What If I Inherit Money After Filing Bankruptcy?

Inheriting money during a bankruptcy can have an impact on the debtor's bankruptcy case. In the eyes of the court, inheritance money is often a windfall for the debtor that could be used to pay off outstanding debts. The exact treatment of the inheritance money depends on several factors, including when the decedent leaving the inheritance died and what type of bankruptcy the debtor filed.

  1. 180-Day Rule

    • The answer to whether an inheritance is included in the bankruptcy estate depends on the decedent's date of death; it does not depend on when the debtor received the inheritance.
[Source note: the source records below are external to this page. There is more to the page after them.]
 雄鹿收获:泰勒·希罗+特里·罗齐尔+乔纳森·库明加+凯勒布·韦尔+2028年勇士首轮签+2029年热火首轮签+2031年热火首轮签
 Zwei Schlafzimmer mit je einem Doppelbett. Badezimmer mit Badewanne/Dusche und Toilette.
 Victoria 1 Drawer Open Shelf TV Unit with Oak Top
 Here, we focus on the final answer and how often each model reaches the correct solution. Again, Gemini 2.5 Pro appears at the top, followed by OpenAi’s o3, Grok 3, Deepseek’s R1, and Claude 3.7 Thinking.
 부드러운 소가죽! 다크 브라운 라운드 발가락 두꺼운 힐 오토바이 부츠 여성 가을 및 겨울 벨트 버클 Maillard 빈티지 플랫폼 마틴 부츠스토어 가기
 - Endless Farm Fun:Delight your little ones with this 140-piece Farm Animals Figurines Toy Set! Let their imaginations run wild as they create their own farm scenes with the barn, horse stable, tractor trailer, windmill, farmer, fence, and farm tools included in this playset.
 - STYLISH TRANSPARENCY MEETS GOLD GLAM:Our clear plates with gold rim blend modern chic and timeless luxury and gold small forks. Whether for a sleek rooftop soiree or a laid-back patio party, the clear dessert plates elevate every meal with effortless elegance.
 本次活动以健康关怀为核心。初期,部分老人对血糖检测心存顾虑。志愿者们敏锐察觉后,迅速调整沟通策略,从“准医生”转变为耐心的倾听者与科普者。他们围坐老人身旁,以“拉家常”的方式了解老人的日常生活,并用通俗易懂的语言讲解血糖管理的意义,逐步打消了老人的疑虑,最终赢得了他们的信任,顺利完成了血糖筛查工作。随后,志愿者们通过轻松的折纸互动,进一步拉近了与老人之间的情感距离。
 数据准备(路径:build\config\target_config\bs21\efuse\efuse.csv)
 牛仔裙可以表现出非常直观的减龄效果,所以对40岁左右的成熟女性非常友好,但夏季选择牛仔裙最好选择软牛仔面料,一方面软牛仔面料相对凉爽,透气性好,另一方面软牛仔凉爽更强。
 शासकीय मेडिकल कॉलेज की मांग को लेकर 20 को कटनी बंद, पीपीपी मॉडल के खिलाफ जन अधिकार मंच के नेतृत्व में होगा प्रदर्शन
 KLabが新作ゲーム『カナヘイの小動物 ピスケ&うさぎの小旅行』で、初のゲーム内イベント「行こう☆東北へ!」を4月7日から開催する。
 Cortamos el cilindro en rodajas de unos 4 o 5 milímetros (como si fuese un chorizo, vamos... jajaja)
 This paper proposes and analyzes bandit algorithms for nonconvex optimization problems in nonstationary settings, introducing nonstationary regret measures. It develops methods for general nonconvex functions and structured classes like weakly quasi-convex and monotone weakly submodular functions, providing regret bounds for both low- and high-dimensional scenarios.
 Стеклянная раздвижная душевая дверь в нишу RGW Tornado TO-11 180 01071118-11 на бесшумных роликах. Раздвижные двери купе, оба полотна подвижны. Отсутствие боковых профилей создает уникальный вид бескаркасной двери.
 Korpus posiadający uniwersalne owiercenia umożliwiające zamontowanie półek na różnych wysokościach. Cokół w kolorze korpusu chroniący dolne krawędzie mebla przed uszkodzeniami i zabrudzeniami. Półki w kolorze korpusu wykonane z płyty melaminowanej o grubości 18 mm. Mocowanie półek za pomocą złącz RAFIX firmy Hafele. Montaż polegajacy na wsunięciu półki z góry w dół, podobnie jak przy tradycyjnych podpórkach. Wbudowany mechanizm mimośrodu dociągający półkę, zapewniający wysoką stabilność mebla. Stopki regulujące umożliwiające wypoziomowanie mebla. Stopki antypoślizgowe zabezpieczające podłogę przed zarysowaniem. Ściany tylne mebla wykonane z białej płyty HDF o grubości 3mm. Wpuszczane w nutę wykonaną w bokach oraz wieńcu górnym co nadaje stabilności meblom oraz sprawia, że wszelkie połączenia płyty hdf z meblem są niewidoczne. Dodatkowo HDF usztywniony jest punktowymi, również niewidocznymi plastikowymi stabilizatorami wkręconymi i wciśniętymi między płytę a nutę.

The bankruptcy laws require a debtor to report inheritances received within 180 days of the bankruptcy. The time period starts when the decedent leaving the inheritance dies and covers the time period before and after filing bankruptcy. Even if a debtor receives the actual inheritance two years after the bankruptcy, if the decedent leaving the inheritance died 180 days within the bankruptcy filing, the debtor must report it.

    Inheritance Treatment Varies

    • How the money will affect the bankruptcy depends on what type of bankruptcy the debtor filed. Under Chapter 7 (liquidation proceedings), the money is typically available for use by the bankruptcy trustee to pay off the debtor's creditors. For Chapter 13 bankruptcies (individual debt adjustment), the bankruptcy court may use the inheritance to determine the amount of an individual's payments under the debt repayment plan; this generally means the inheritance may cause those payments to increase.

    Purpose for the Law

    • It may seem harsh to force a debtor to give up a gift from a loved one who has passed away. The rules are in place, however, to prevent abuse of the proceedings. Bankruptcy courts do not want debtors to file bankruptcy in anticipation of receiving an inheritance with the intent of keeping the inheritance money and becoming debt free. Nonetheless, certain protections are available.

    Protecting an Inheritance

    • Even if the debtor must report an inheritance, the law allows for certain protections. In a Chapter 7 proceeding, for instance, a debtor may be able to use an exemption to protect some, if not all, of the inheritance money. As of March 2011, the federal bankruptcy exemptions allow a "wildcard" exemption allowing debtors to keep any property up to $1,075 or, if the debtor still has some unused exemptions reserved to protect a home, up to $10,125. Additionally, if the decedent placed the debtor's inheritance in a spendthrift trust, the bankruptcy court cannot generally look to that asset because the debtor does not have complete control over it (since it is in trust).